Exactly the lines from the one containing "ココア生地を搾り出し袋に入れて車輪、屋根にココア生地を搾り出しておきます" through the final line of the data below, with pictures omitted, make up the answer.

**DATA EXTRACT**.
* * * * * * * * *

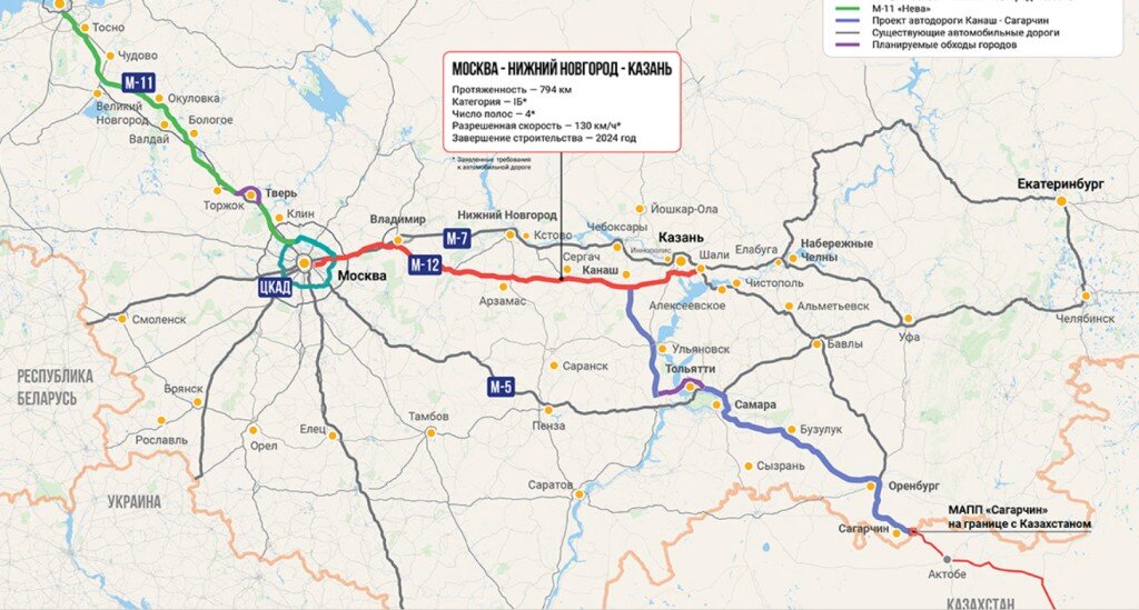 Строительство трассы М-12 «Москва – Нижний Новгород – Казань» началось прошедшей зимой. Это платная скоростная автомагистраль, часть международного транспортного маршрута «Европа – Западный Китай», воссоздающего исторический Великий шелковый путь. Проект разработала госкомпания «Автодор». Трасса пройдет по территориям Подмосковья (в обход городов Балашиха и Ногинск), Владимирской и Нижегородской областей, а также через Чувашскую Республику и Республику Татарстан.
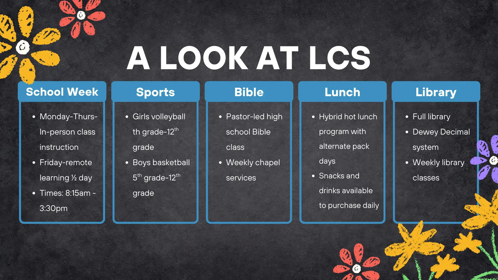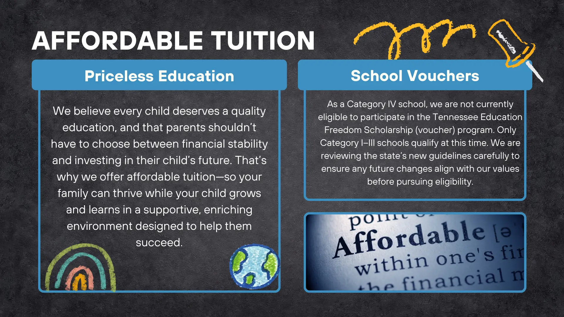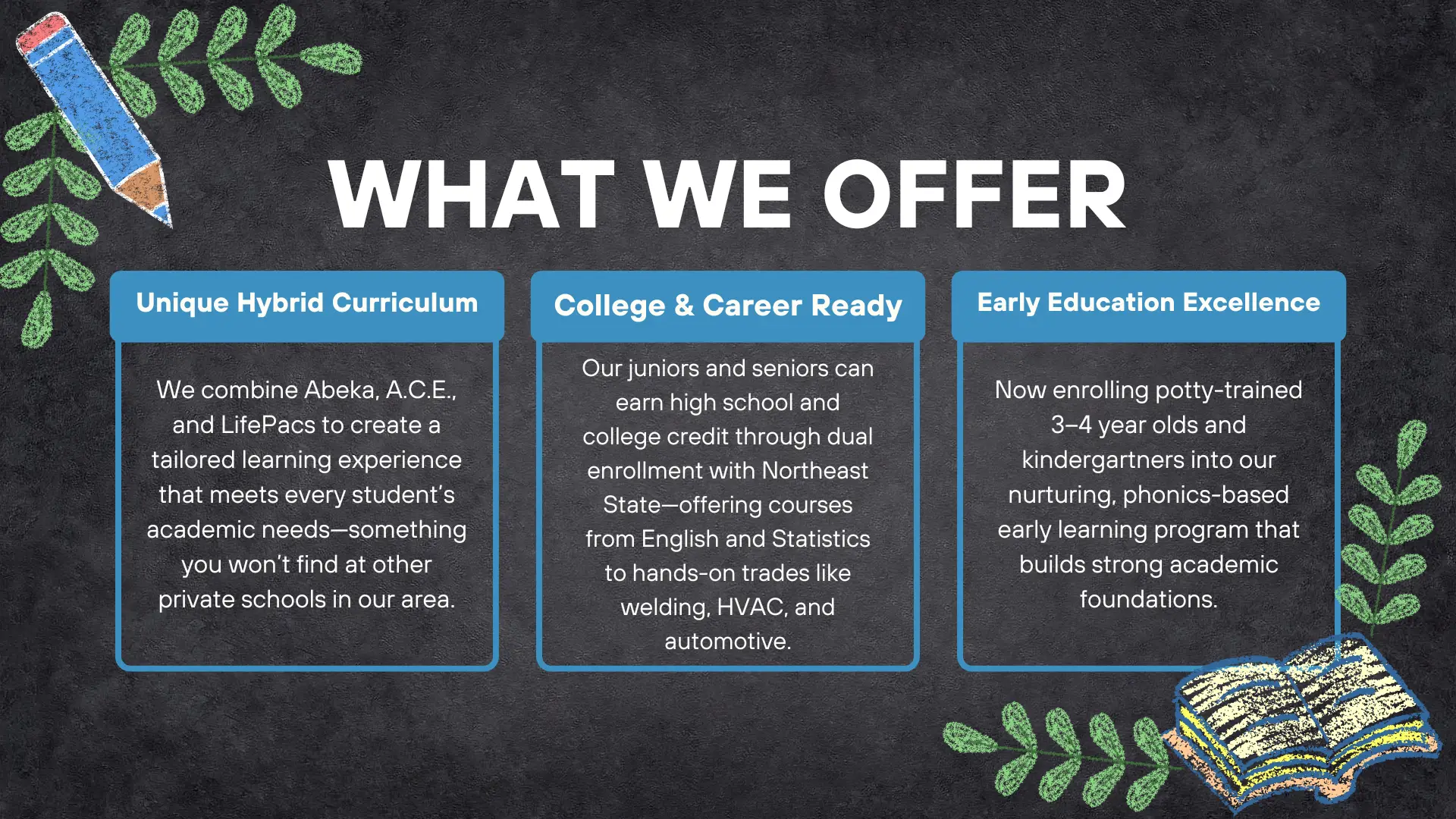 Our mission is to provide affordable, quality education in a Christian environment. We offer small classroom sizes and excellent student to teacher ratios.
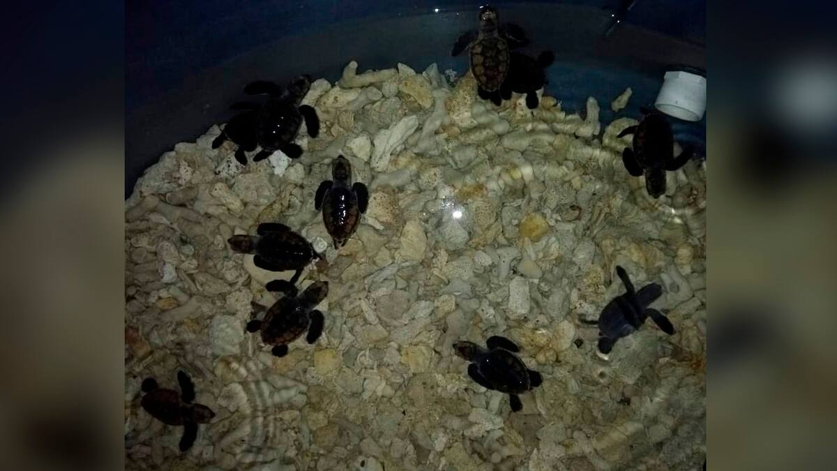 En el acuario de El Rodadero se produjo el nacimiento de 102 tortugas Carey, incubadas allí dos meses luego que su madre desovara en la playa de Pozos Colorado, debajo de una patrulla de la Policía Nacional.
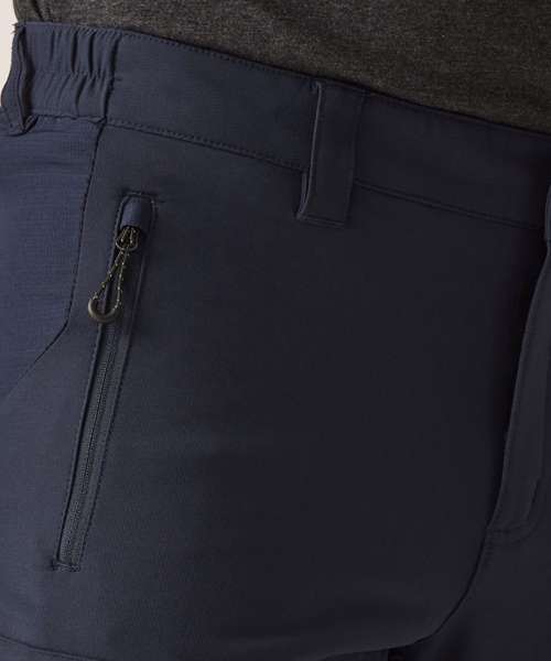 Woven stretch fabric with a DWR (Durable water-repellent) finish. Ripstop stretch fabric to knee, seat panels and re-enforcement at the hem. Part elasticated waist and high back waistband. Multi pocketed with front and rear zipped pockets.
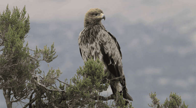 ટાઉની ઇગલ એ એક વિશાળ કદનું પક્ષી છે. બધા ઇગલની જેમ, તે એસિપિટ્રિડે કુટુંબનું સભ્ય છે. તેને "બુટેડ ઇગલ્સ" તરીકે પણ ઓળખવામાં આવે છે. આ ઇગલમાં કાળા રંગના પીંછા અને પૂંછડી સાથે ટાઉની રંગના અપરપાર્ટ્સ હોય છે. તેની પાંખો પર હળવા રંગના પટ્ટાઓ હોય છે. જયારે કે તેની આંખો ભૂરા રંગની હોય છે અને તેના પગ મોટા તીક્ષ્ણ નખથી સજ્જ હોય છે.
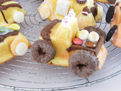 ココア生地を搾り出し袋に入れて車輪、屋根にココア生地を搾り出しておきます
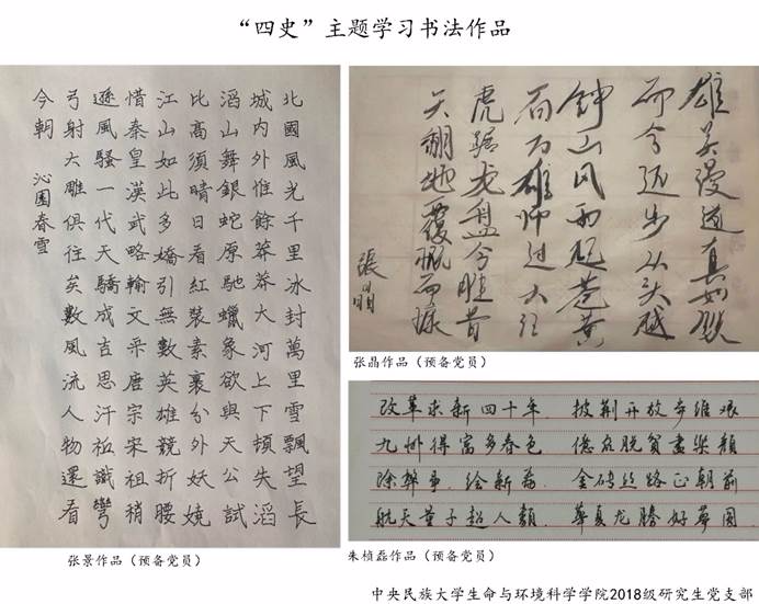 活动开展后,支部成员积极参与,以展示书法作品、用照片的形式分享家乡发生的变化等方式,展现了自己对“四史”主题学习的独特领悟,大家纷纷感叹,这些年来我们的家乡变得更加富饶,宜居,美丽,看着这些变化,也相信我们的祖国会发展的越来越好!

* * * * * * * * *

**EXERCISE ANSWER**.
 ココア生地を搾り出し袋に入れて車輪、屋根にココア生地を搾り出しておきます
 活动开展后,支部成员积极参与,以展示书法作品、用照片的形式分享家乡发生的变化等方式,展现了自己对“四史”主题学习的独特领悟,大家纷纷感叹,这些年来我们的家乡变得更加富饶,宜居,美丽,看着这些变化,也相信我们的祖国会发展的越来越好!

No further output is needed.